Часто создание нового языка одежды затрагивало и вербальные коммуникации: «„Правильные“ дети носили все навыпуск и главное – одежду называли жаргонными словечками: рюкзак назывался „бэг“ (от английского „сумка“), майка – „тишка“, джинсовая куртка – „джакет“, носки – „сырки“, пуховик – „даун“ и т. д.»

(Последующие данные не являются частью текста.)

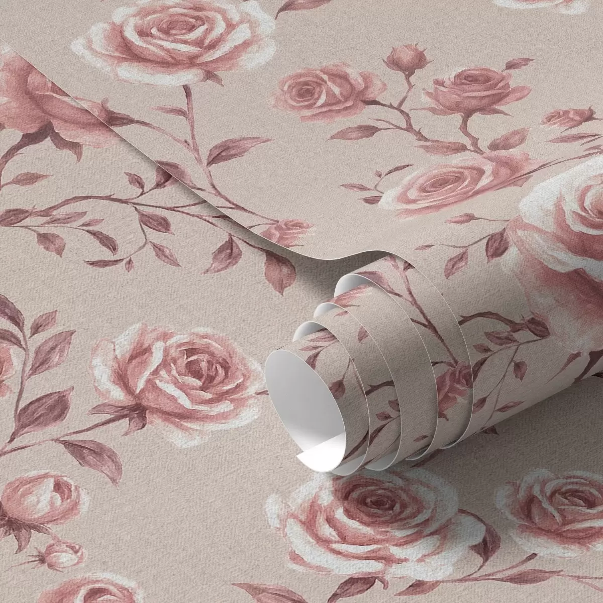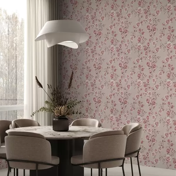 Papel de parede Rosas em pó sobre bege — padrão vintage Nr. a00497

Интересным аспектом общей костюмной дискоммуникации стала зависть, которую респонденты, по их воспоминаниям, испытывали к группам, тем или иным образом выработавшим общий язык в одежде раньше или успешнее других. Безусловными лидерами на этом пути были именно представители субкультур, тогда называвшиеся в официальной речи неформалами. В особенно выгодном положении оказались те, кто имел возможность наследования или заимствования кода у групп, существовавших до распада общего языка. Например, новая волна молодых хиппи, возникшая на позднесоветской территории, получила щедрое, прекрасно структурированное наследство первой волны хиппи, так называемой Системы. Панки и металлисты заимствовали язык аналогичных западных движений. Даже гопники находились отнюдь не в пустом семиотическом пространстве: они, насколько можно судить, воспроизводили в своей одежде устоявшийся язык рабочих районов[3]. Люди, ассоциировавшие себя в тот период с той или иной неформальной субкультурой, были среди немногих респондентов, чьи ответы говорят не о распаде костюмного языка, а о его уверенном поддержании: «Как одеты другие, рассматривалось с точки зрения свой/чужой»; «Да, это (одежда. – Л. Г.) было важно для меня, поскольку я был вроде как неформалом. Одежда была своего рода отличительным знаком». Респондент, который в те времена «хипповал, естественно», сегодня пишет: «Одежда практически совпадала с идеальным о ней представлением, ни до, ни после подобного не было», – высказывание крайне редкое, почти невероятное среди опрошенных. Другое в высшей степени интересное высказывание – «…в школе и „на районе“ – очень важно (как ты одевался. – Л. Г.). В среде хиппарей и панкующих, с которыми я общалась, – очень не» (то есть совсем неважно). Такие ответы прямо указывают на то, что в описываемых группах существовал вполне устоявшийся язык одежды, противостоявший языку широкой среды.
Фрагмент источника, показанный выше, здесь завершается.